Elaine sat alone at the bar.

Dear Cupid,

Would you take it easy? I’m an open target and clearly in your way. Stop shooting at me. Is that so hard to ask? Although, I know, sometimes I’m knocking on your door. But this time I mean it! Scram! Shoo! I don’t want you around no more, yahear? Take a look at me–I’m punctured! Holes all in me. I think that’s why I have this feeling, like melting, I’m sinking. Would you give me some time to recuperate at least? I’ll need at least a week. Leave me alone for a week, wontcha?
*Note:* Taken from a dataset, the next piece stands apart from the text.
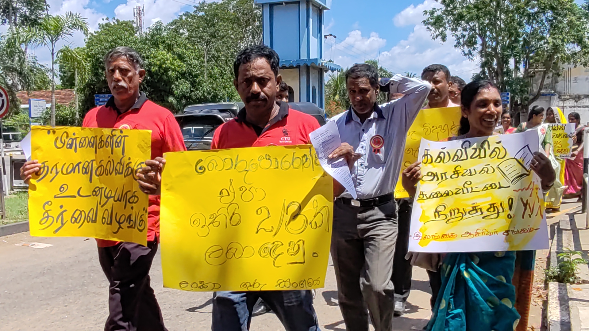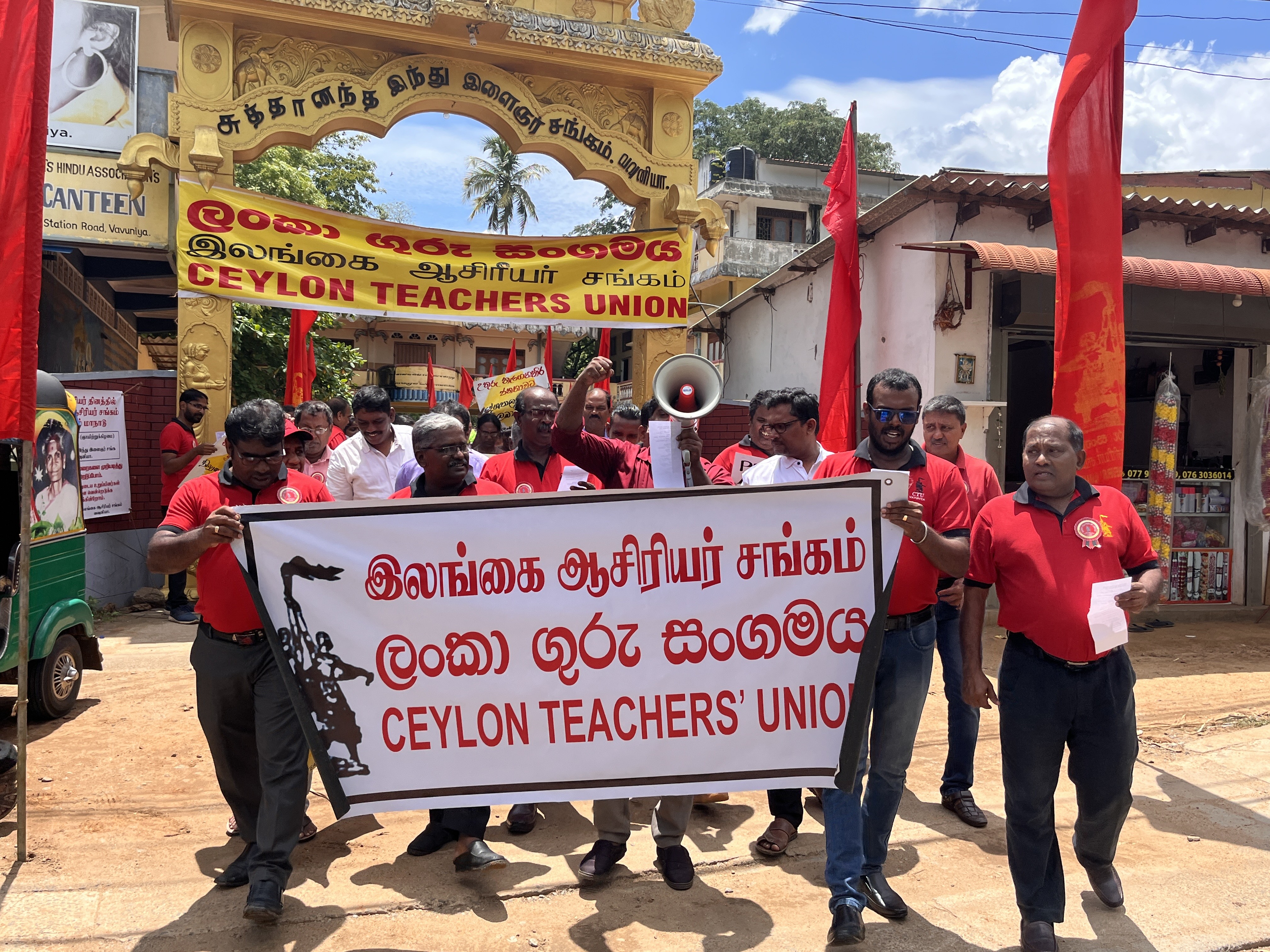 வவுனியாவில் பல்வேறுகோரிக்கைகளை வலியுறுத்தி இலங்கை ஆசிரியர்சங்கத்தினரால் ஞாயிற்றுக்கிழமை (05) ஆர்ப்பாட்ட பேரணி ஒன்று முன்னெடுக்கப்பட்டது.

Listen, I know… In a few weeks, once I heal up a bit, I’ll start to miss your ways. I’ll send you mad texts. I’m a bad, bad girl and I want you to hurt me. Put me back in the field, buddy! Here I am! And I’ll get shot! Bit! All over again, like an addict sneaking out to a get a hit….
mmmmmmm, but it feels so good.
mmmmmmm, punctured like veins.

You don’t want to be the cause of my addiction, do ya? Don’t want that on your angelic conscious. Save your arrows for more deserving folk. People all around me seem to be falling in love. You shoot me and it doesn’t stick. The arrow hangs there around then falls limp. Why won’t it stay? (Why don’t they stay?) What is that you’re shooting with? A fucking Nerf gun??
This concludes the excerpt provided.